Other Laws and Regulations
In addition to the laws and regulations discussed above, the Bank is also subject to certain fair lending and consumer laws that are designed to protect consumers in
transactions with banks. Many of these laws are implemented through regulations issued by the Consumer Financial Protection Bureau (the “CFPB”) though, for
institutions of the Bank’s asset size, compliance is subject to examination by the federal banking regulator, i.e., the OCC in the Bank’s case. These laws include, but
are not limited to, the Truth in Lending Act, the Truth in Savings Act, the Electronic Funds Transfer Act, the Expedited Funds Availability Act, the Equal Credit
Opportunity Act, the Fair Housing Act, the Home Mortgage Disclosure Act, the Real Estate Settlement Procedures Act, the Right to Financial Privacy Act, the Fair
and Accurate Credit Transactions Reporting Act, and federal financial privacy laws. These laws, and their implementing regulations, generally regulate the manner
in which financial institutions must deal with customers when taking deposits or making loans to such customers.

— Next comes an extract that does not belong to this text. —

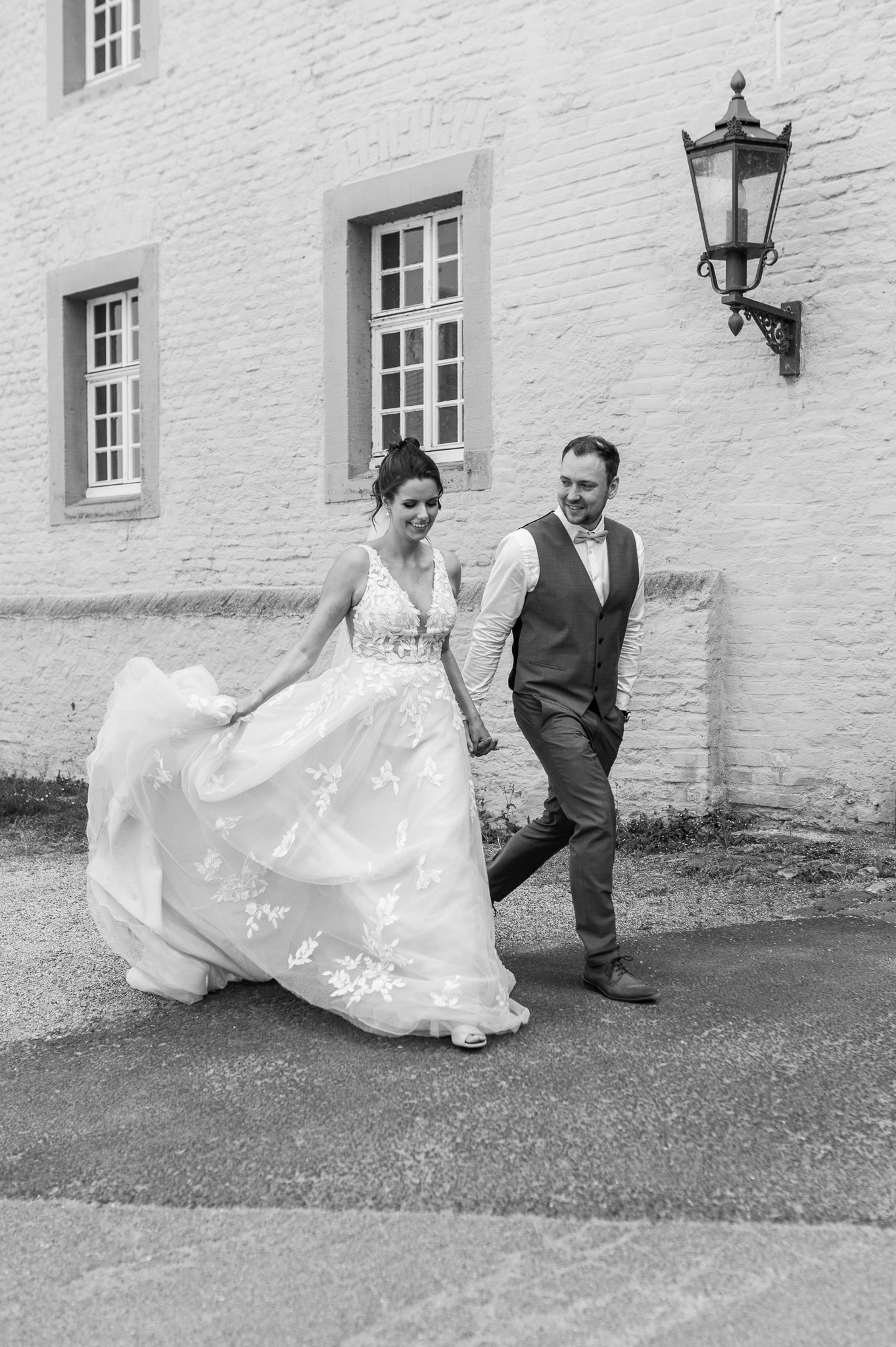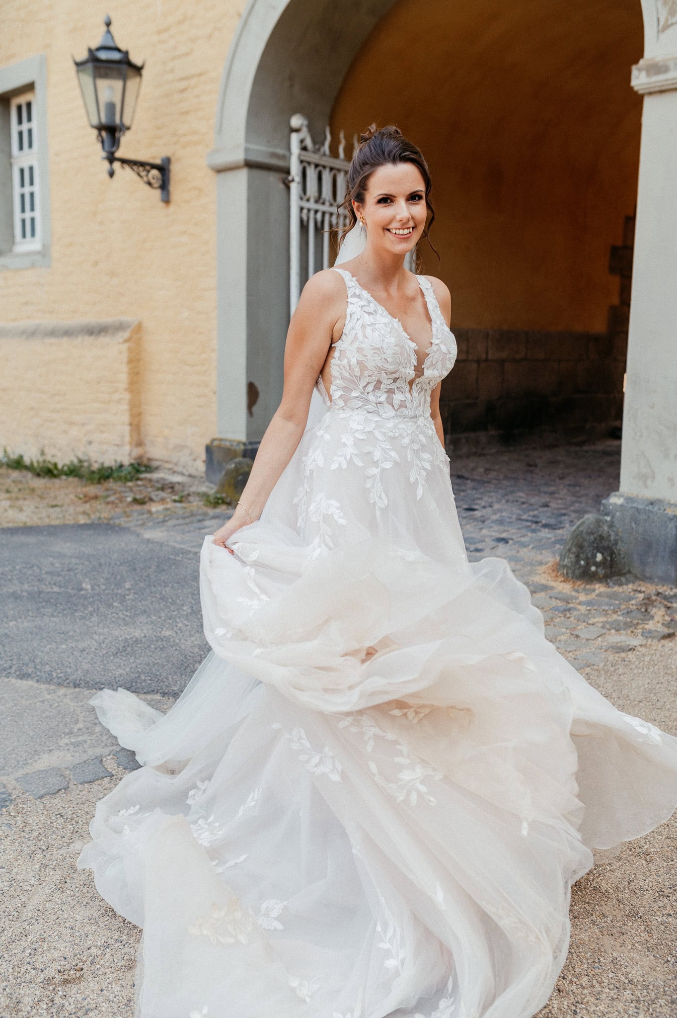 Na ja, wie es der Zufall so wollte, hat Moni mich dann als Hochzeitsfotografin empfohlen und kurze Zeit später mit den beiden zusammengebracht. Es hat gematcht. BÄM! Die Hochzeit von Tatjana & René war ein Traum. Die Hochzeits-Location auf Schloss Dyck in Jüchen ist wirklich wunderschön. Das Ambiente vor Ort hat etwas ganz Besonderes. Das Schloss Dyck kann für private Feiern, Konzerte, Tagungen und Hochzeiten gebucht werden. Es liegt am Niederrhein, inmitten eines englischen Landschaftsparks. Es gibt ein Teehaus und eine Orangerie, welches bei Hochzeiten gerne dazu gebucht wird, um z. B. den Sektempfang stattfinden zu lassen.

The USA PATRIOT Act of 2001 gave the federal government new additional powers to address terrorist threats through enhanced domestic security measures,
expanded surveillance powers, and increased information sharing and broadened anti-money laundering requirements for financial institutions. The USA Patriot Act
placed additional responsibilities upon financial institutions in terms of broadened anti-money laundering compliance programs and due diligence policies and
controls to facilitate detection and prevention of money laundering and terrorist financing and the reporting of suspicious activity. Such requirements build on
previously existing requirements, also applicable to financial institutions, under the Bank Secrecy Act. The Bank has established policies, procedures and systems
designed to comply with these laws. The USA PATRIOT Act also requires the federal banking agencies to take into consideration the effectiveness of such controls
in determining whether to approve a merger or other acquisition application. Accordingly, if the Bank seeks to engage in a merger or other acquisition, the Bank’s
controls designed to combat money laundering are considered as part of the application process.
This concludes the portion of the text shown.